▶ [Work to be completed]
Exclude all pictures, then restate the entries below word for word.

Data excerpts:

******************************

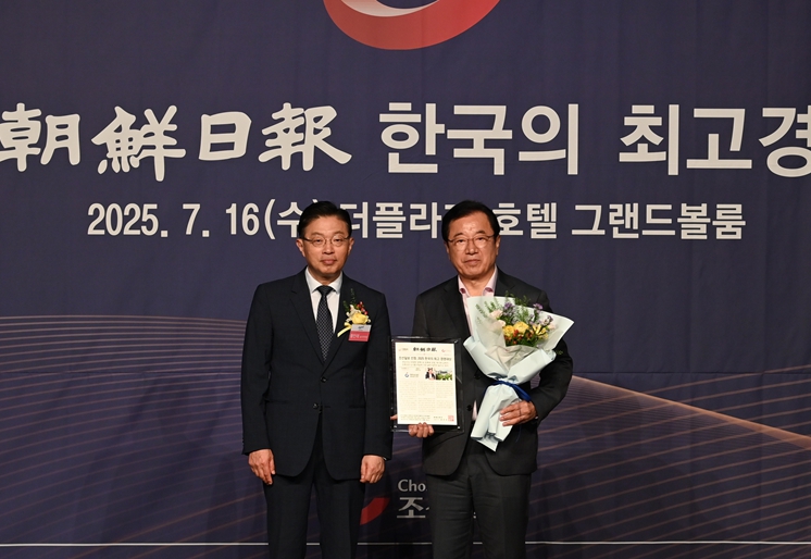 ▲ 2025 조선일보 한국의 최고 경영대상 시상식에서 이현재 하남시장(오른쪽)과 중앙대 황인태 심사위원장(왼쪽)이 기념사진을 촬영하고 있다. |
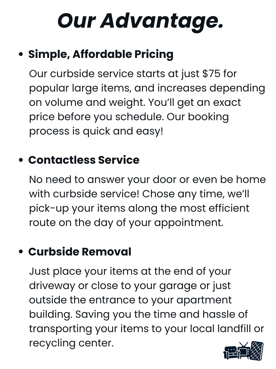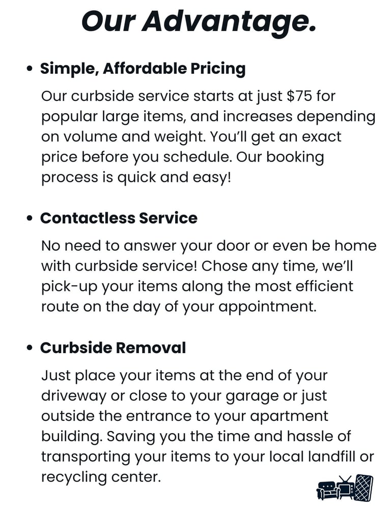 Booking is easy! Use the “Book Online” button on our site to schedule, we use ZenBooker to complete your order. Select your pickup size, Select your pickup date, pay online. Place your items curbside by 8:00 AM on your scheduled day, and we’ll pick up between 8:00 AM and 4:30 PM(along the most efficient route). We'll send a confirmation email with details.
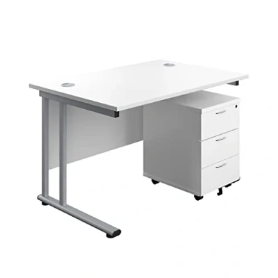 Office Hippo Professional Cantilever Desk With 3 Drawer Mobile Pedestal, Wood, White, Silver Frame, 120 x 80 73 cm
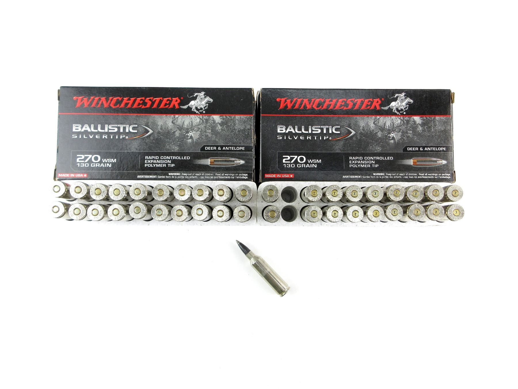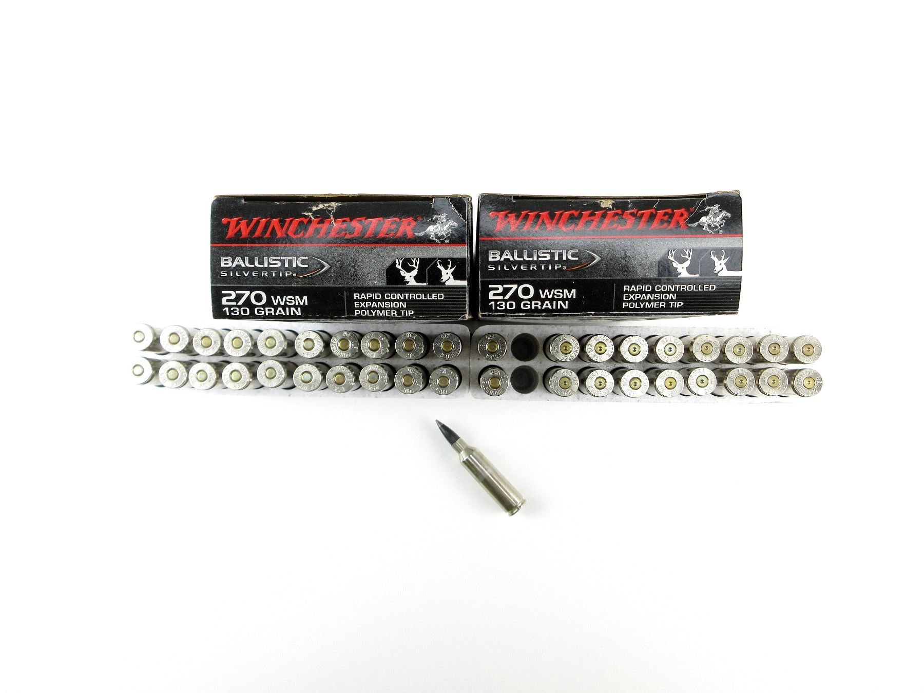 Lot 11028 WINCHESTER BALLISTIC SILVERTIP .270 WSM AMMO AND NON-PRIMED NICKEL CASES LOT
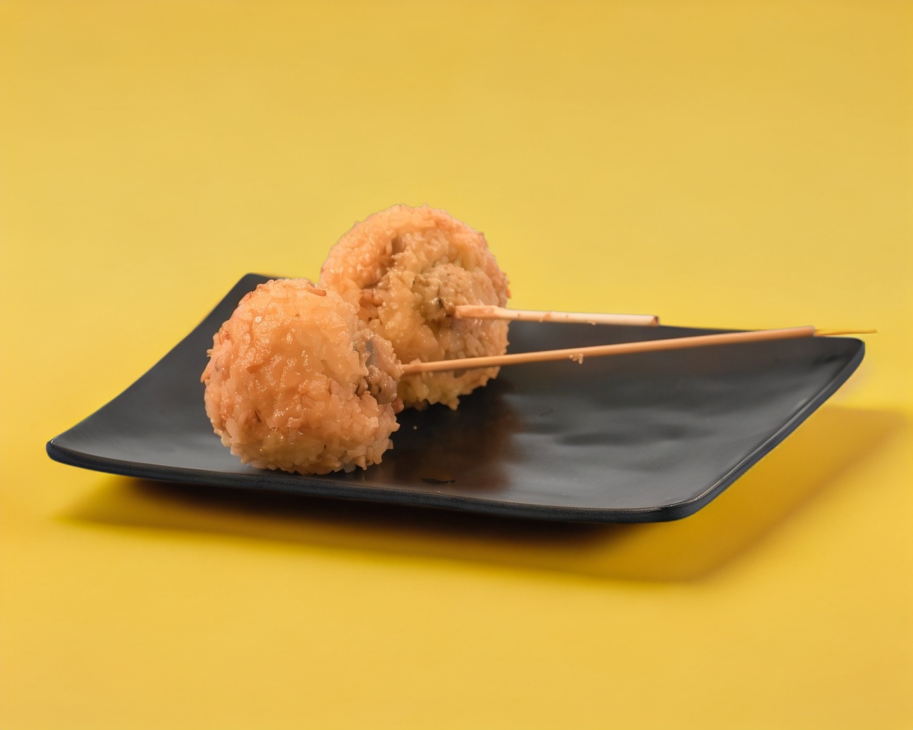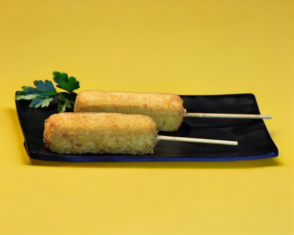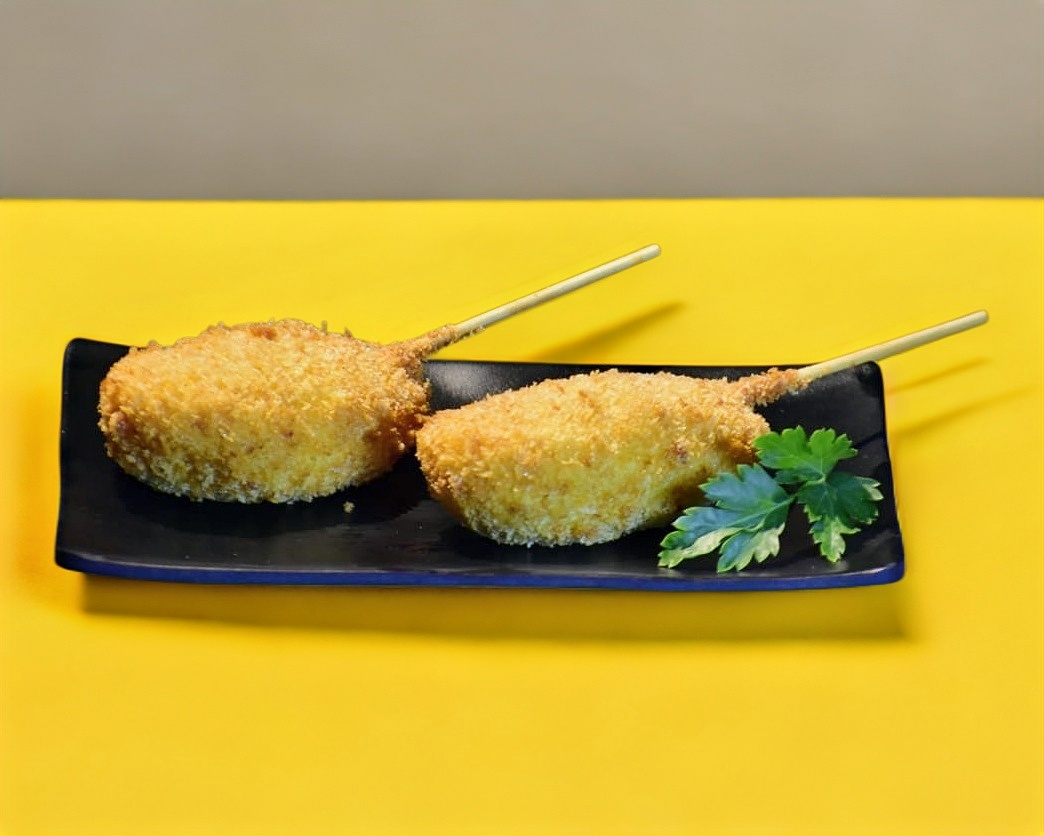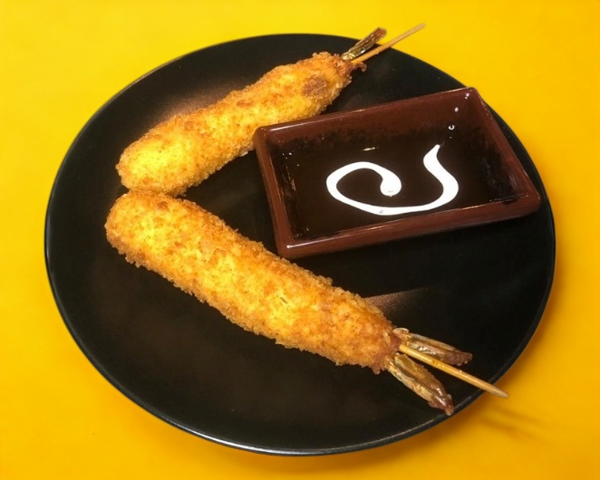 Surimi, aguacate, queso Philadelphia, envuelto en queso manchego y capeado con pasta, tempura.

******************************

▶ [Response to this exercise]
 ▲ 2025 조선일보 한국의 최고 경영대상 시상식에서 이현재 하남시장(오른쪽)과 중앙대 황인태 심사위원장(왼쪽)이 기념사진을 촬영하고 있다. |
 Booking is easy! Use the “Book Online” button on our site to schedule, we use ZenBooker to complete your order. Select your pickup size, Select your pickup date, pay online. Place your items curbside by 8:00 AM on your scheduled day, and we’ll pick up between 8:00 AM and 4:30 PM(along the most efficient route). We'll send a confirmation email with details.
 Office Hippo Professional Cantilever Desk With 3 Drawer Mobile Pedestal, Wood, White, Silver Frame, 120 x 80 73 cm
 Lot 11028 WINCHESTER BALLISTIC SILVERTIP .270 WSM AMMO AND NON-PRIMED NICKEL CASES LOT
 Surimi, aguacate, queso Philadelphia, envuelto en queso manchego y capeado con pasta, tempura.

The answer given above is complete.